The second issue, some ten days later on 13 March, simply repeats the ‘Prospectus’ and ‘Statistique’ of the first issue. There then follows a letter from a ‘Docteur Roudrac’ effectively threatening the journal (doubtless inserted by the editor as a means of showing that he and his colleagues cannot be intimidated), and then two more short sections, including an account of gamblers who have committed suicide (13 March 1831: 3-4). The third issue begins with a ‘Notice Bibliographique’ recounting how M. de Chuyes brought the lottery into France (20 March: 1); this is followed by an article entitled ‘Des Jeux’ that excoriates gambling for its economic uselessness (20 March: 2). The second article in the ‘Statistique’ series then recounts the numbers of ‘maisons des jeux’ in Paris, the numbers of tables they have, and how much money they raise. After another short article attacking the Stock Exchange and ‘agiotage’ (speculation), the vampire is invoked again in an article entitled ‘Coup-d’oeil dans les salons de Paris’ (a glance into the salons of Paris) which describes ‘M. Le Baron’, a wealthy man who has gained his wealth purely through speculation and exploiting gamblers. Before telling his disgraceful story, the writer declares:
O ciel! puis-je en croire mes yeux! [. . .] Il serait possible [. . .] Vampire, mon guide, mon protecteur, à l’oeuvre! Auprès des témoignages vivants que je vais invoquer appelle ceux des morts. Je vais parler d’un homme dont la tombe a déjà recouvert plus d’une victime. (20 March: 3)

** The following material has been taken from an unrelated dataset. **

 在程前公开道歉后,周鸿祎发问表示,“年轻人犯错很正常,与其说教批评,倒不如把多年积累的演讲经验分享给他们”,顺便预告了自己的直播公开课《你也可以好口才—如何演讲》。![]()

[O heaven! Can I believe my eyes! (. . .) It would be possible (. . .) Vampire, my guide, my protector, to work! Alongside the testimonies of the living that I shall invoke call upon those of the dead. I shall talk of a man whose tomb conceals more than one victim.]

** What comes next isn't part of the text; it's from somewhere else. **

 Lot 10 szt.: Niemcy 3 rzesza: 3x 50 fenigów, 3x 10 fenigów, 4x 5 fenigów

Again, the vampire is addressed as though the narrator is beginning a conversation, and unlike the earlier invocation this includes a physical detail related to vampires, this being the tomb.
This rhetorical strategy of invoking the Vampire requires some comment. From the early 1820s through the late 1830s, one of the principal emergent genres was a popular form of French romanticism sometimes called the roman frénétique, which issued in part from the vogue among readers for English and German Gothic novels in French translation. Two such works that caught the public eye in 1821 were Christian Spiess’s Le Petit Pierre (Das Petermännchen) and the Rev. Charles Maturin’s Melmoth ou l’Homme errant (Melmoth the Wanderer), both of which employ a similar rhetorical strategy: a dialogue between a man and his two tutelary demons in the case of the former, and a dialogue between the devil and the man who has sold his soul to him in the latter (Hale 2002: 78-79).
In the late 1830s, this formula gave rise to one of the most popular sensation novels written in the nineteenth century, Frédéric Soulié’s Les Mémoires du diable (1837-38), often considered the first novel of any significance to be published in daily instalments in a French newspaper. In this work, the devil has the power to allow his victims to see inside the minds of those with whom they come into contact in everyday life, to read their thoughts, and so learn the secrets of their criminal conduct. Le Vampire only modifies the formula of works of this kind to the extent that the editor’s sinister invocation involves not the devil but the figure of the vampire, rendered popular by Byron and Polidori in 1819, and quickly brought to France, as we shall see later, by Charles Nodier and Cyprien Bérard.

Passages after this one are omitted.